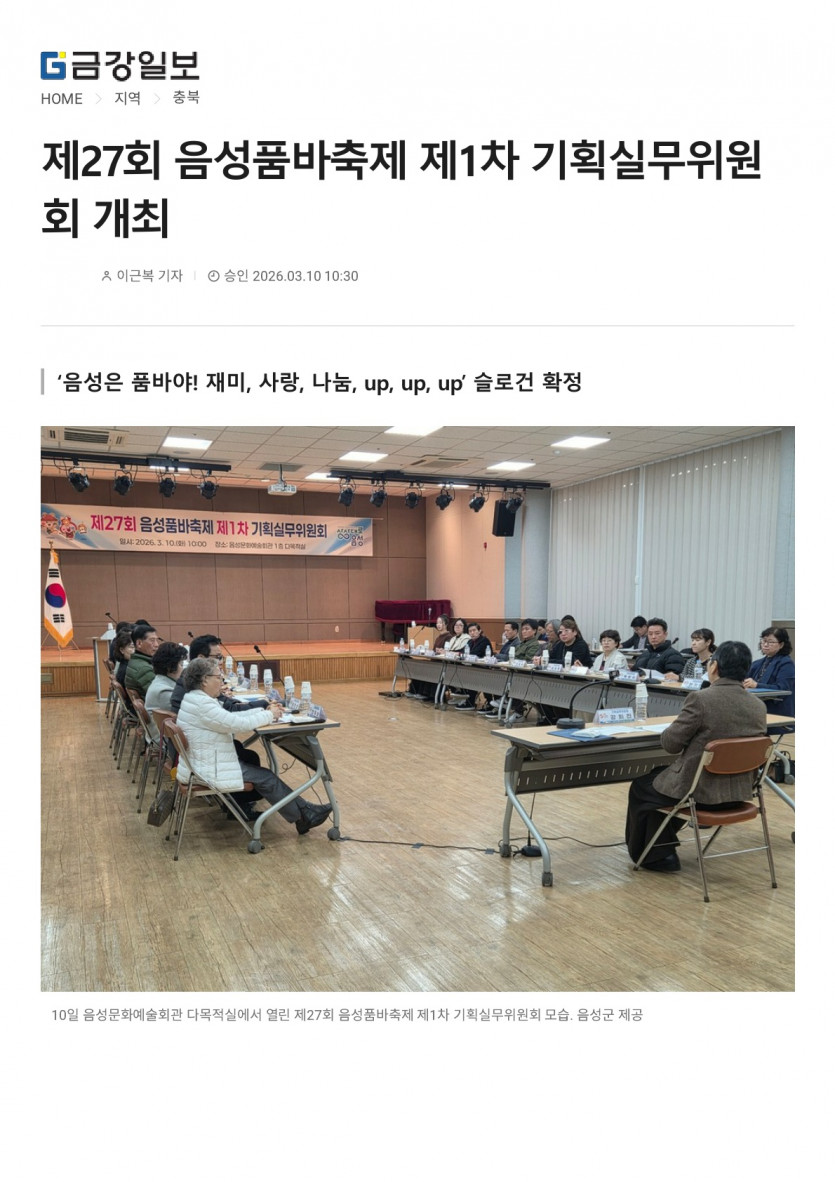 제27회 음성품바축제 제1차 기획실무위원회 개최(26.03.10 금강일보)
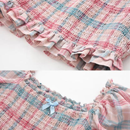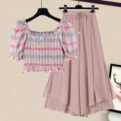 Sweet Pink Plaid Puff Sleeve Top T-Shirt Split Wide-leg Pants
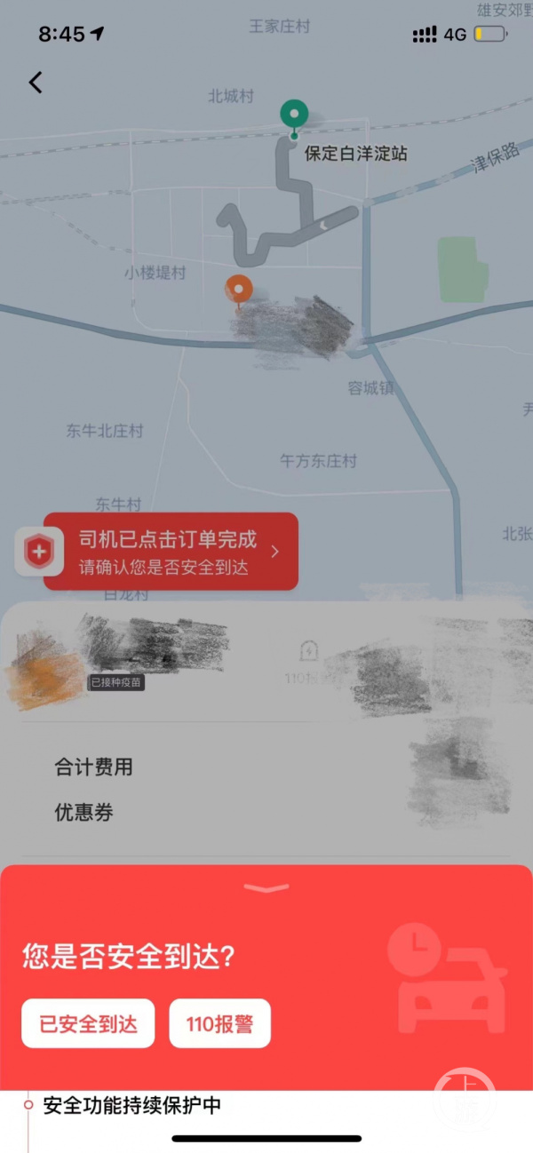 记者了解到,12月4号晚上8点,魏女士在河北保定白洋淀站下了一个网约车订单,她于8点08分上车,之后司机又去接了一位拼单男乘客。按照魏女士的回忆,整个路上司机一言不发,在把男乘客送往目的地后,他开始偏航行驶。
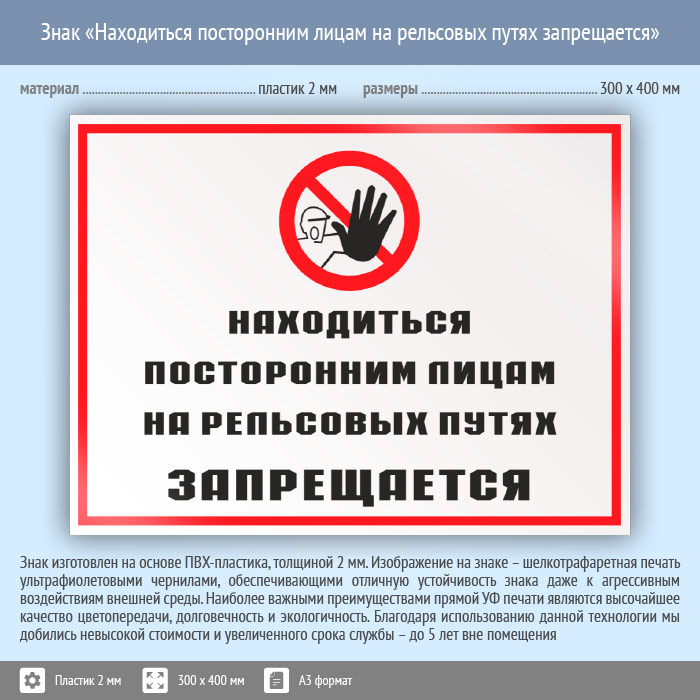Знак «Находиться посторонним лицам на рельсовых путях запрещается», КЗ-25 (пластик, 400х300 мм) в Новом Уренгое купить
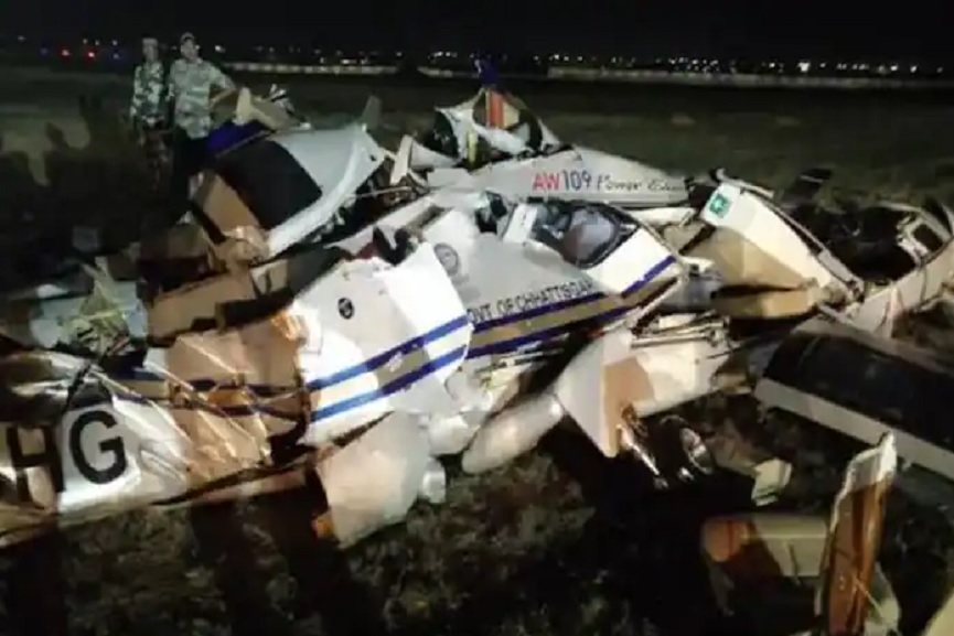 മന പോലീസ് സ്റ്റേഷൻ പരിധിയിൽ റായ്പൂരിലെ സ്വാമി വിവേകാനന്ദ വിമാനത്താവളത്തിൽ രാത്രി ഒമ്പതോടെയാണ് സംഭവം നടന്നതെന്ന് സീനിയർ പൊലീസ് സൂപ്രണ്ട് (എസ്എസ്പി) പ്രശാന്ത് അഗർവാൾ പറഞ്ഞു. ഹെലികോപ്റ്റർ ഇറക്കാൻ ശ്രമിക്കുന്നതിനിടെയാണ് തീപിടിച്ച് അപകടമുണ്ടായത്. വിമാനത്തിൽ ഇവർ രണ്ടുപേരും മാത്രമാണ് ഉണ്ടായിരുന്നത്.
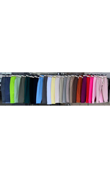 Dámské kalhoty v pase do gumy, doplněny stylovým páskem. Kalhoty mají po stranách všité kapsy.
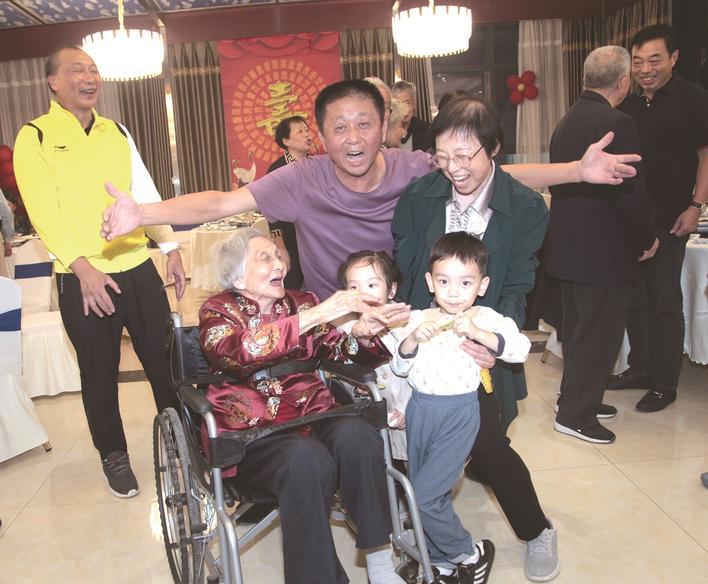 10月22日,如东县马塘镇市河社区的一家人为百岁老人庆生。范锦华
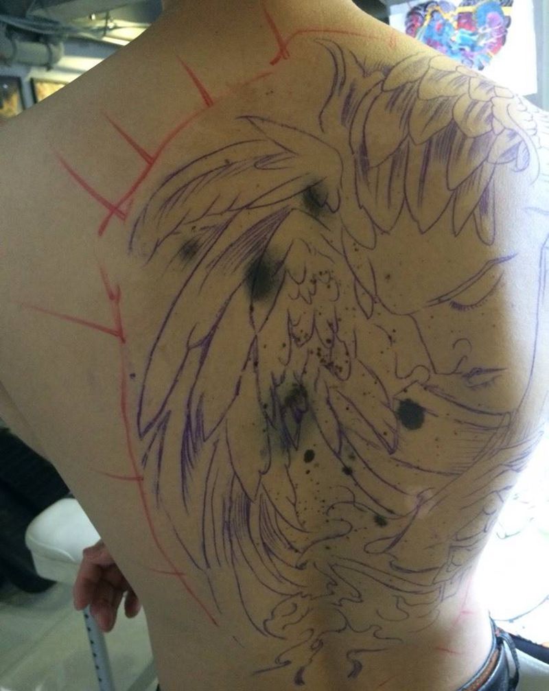 当前位置: 首页 >广西南宁市纹身店-云鹤刺青纹身店纹身图案>黑灰天使纹身图片_成品背部欧美人物字符图腾鬼神纹身图案
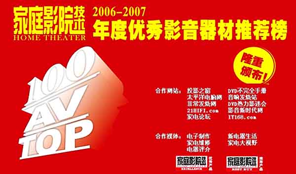 在广大读者及业界人士的强烈关注与大力支持下,以“AV TOP100”为主题的2006-2007年度最佳影音器材推荐榜推出了。这份榜单是以年度最新影音产品为重点范围,经《家庭影院技术》杂志社精心策划、专家组严格评选,并得到多个著名影音网站的共同协作而最终形成的。它的核心目标是为读者与行业提供一份真正具有参考价值与指导作用的榜单,一方面肯定与表彰优秀的品牌、产品及技术,另一方面让消费者能在琳琅满目而又鱼龙混杂的影音市场上方便的找到真正称心如意的产品,让影音生活更惬意,同时也是高品质的。
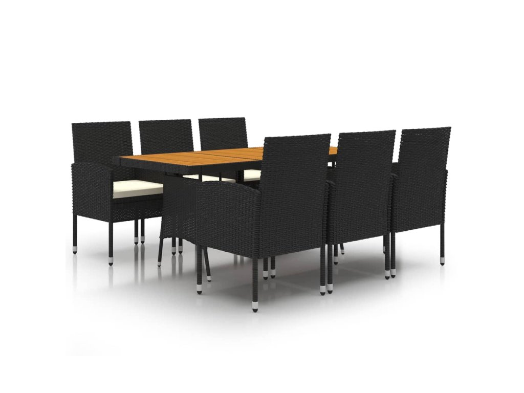 vidaXL 7-dielna vonkajšia jedálenská súprava polyratan čierna
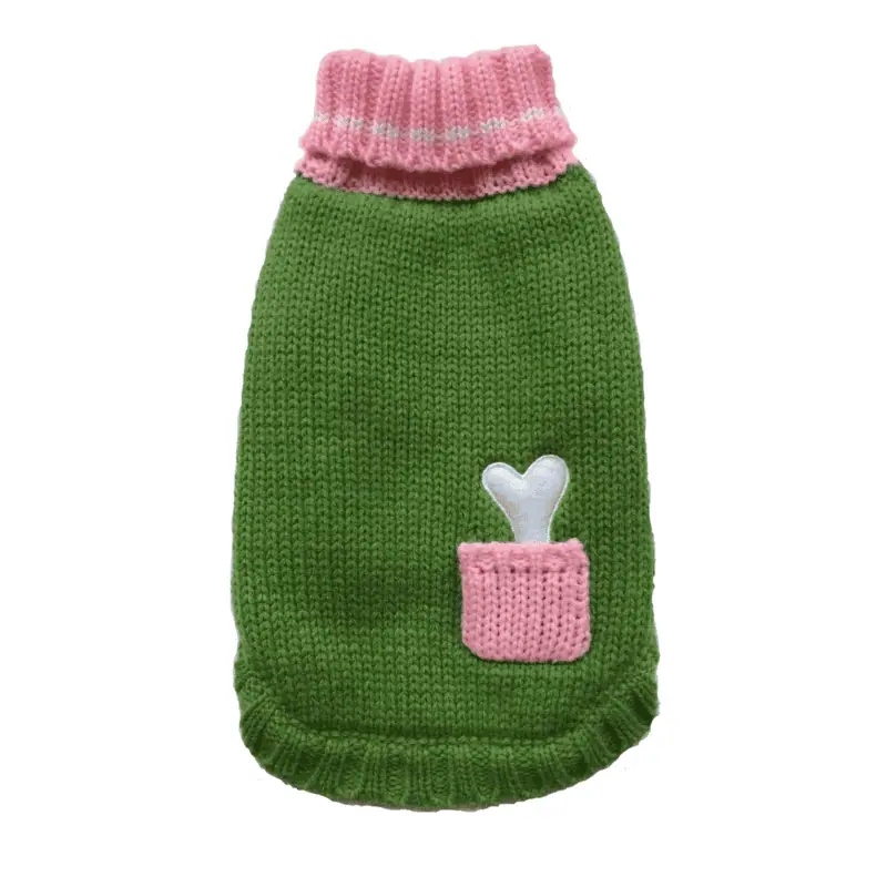 With our Bone on Board Dog Sweater, your pup will always have its bone in tow! This adorable and timeless design is one of our most popular. It features a knit pocket with a white appliquéd bone for a fun, stylish touch.
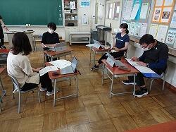 図工室では応援団員が集まって、組ごとに応援の仕方を話し合っていました。もう、運動会に向けて動き始めています。
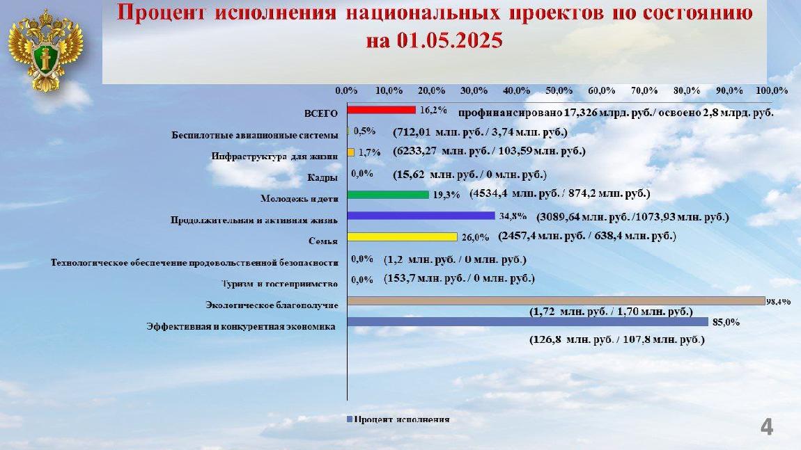 Отмечено, что процент исполнения национальных проектов в регионе по состоянию на 01.05.2025 составляет 16,2 %.
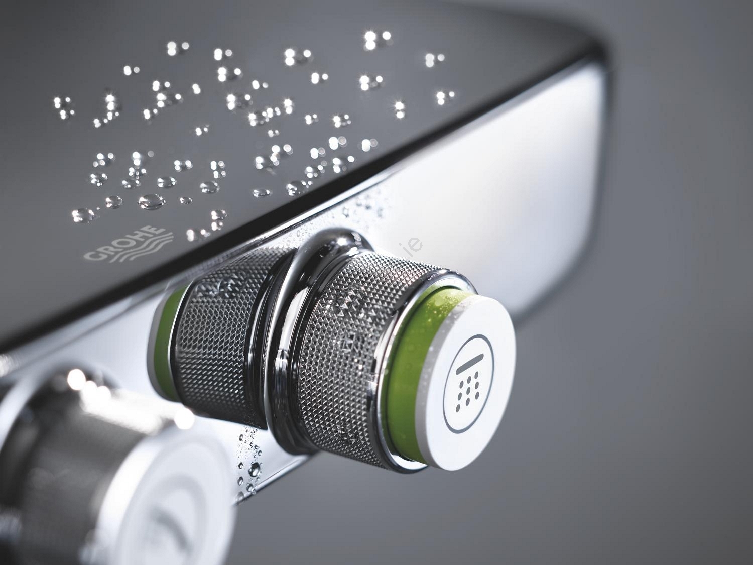 • Innovative GROHE SmartControl technology enables easy switching between the overhead and hand shower and precise flow control.
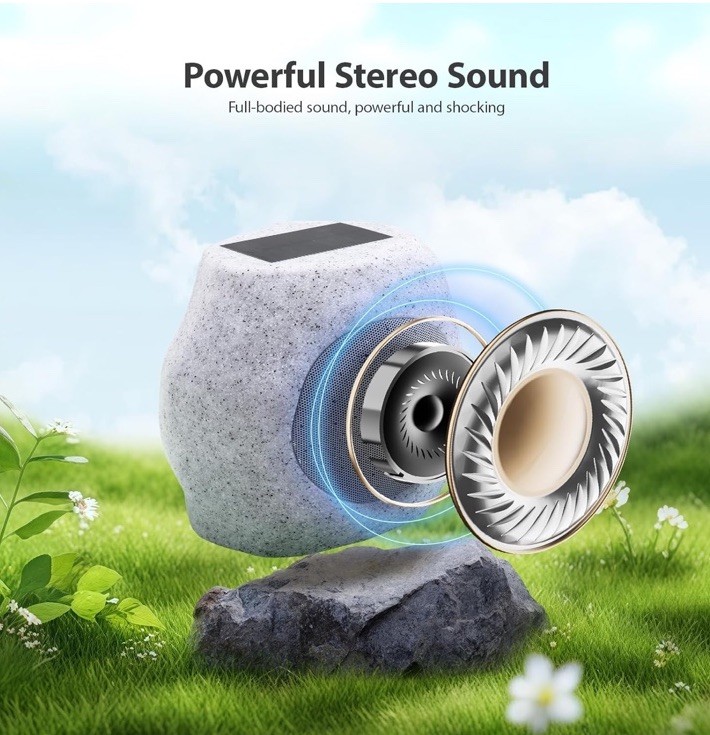 2-Pack Solar Rock Speakers With LED, Outdoor.

::::

**WHAT TO WORK ON:**
Could you write out exactly the lines of the data above that run from the one holding "记者了解到,12月4号晚上8" to the one holding "മന പോലീസ് സ്റ്റേഷൻ", with both ends in and all pictures out?

**YOUR SOLUTION:**
 记者了解到,12月4号晚上8点,魏女士在河北保定白洋淀站下了一个网约车订单,她于8点08分上车,之后司机又去接了一位拼单男乘客。按照魏女士的回忆,整个路上司机一言不发,在把男乘客送往目的地后,他开始偏航行驶。
Знак «Находиться посторонним лицам на рельсовых путях запрещается», КЗ-25 (пластик, 400х300 мм) в Новом Уренгое купить
 മന പോലീസ് സ്റ്റേഷൻ പരിധിയിൽ റായ്പൂരിലെ സ്വാമി വിവേകാനന്ദ വിമാനത്താവളത്തിൽ രാത്രി ഒമ്പതോടെയാണ് സംഭവം നടന്നതെന്ന് സീനിയർ പൊലീസ് സൂപ്രണ്ട് (എസ്എസ്പി) പ്രശാന്ത് അഗർവാൾ പറഞ്ഞു. ഹെലികോപ്റ്റർ ഇറക്കാൻ ശ്രമിക്കുന്നതിനിടെയാണ് തീപിടിച്ച് അപകടമുണ്ടായത്. വിമാനത്തിൽ ഇവർ രണ്ടുപേരും മാത്രമാണ് ഉണ്ടായിരുന്നത്.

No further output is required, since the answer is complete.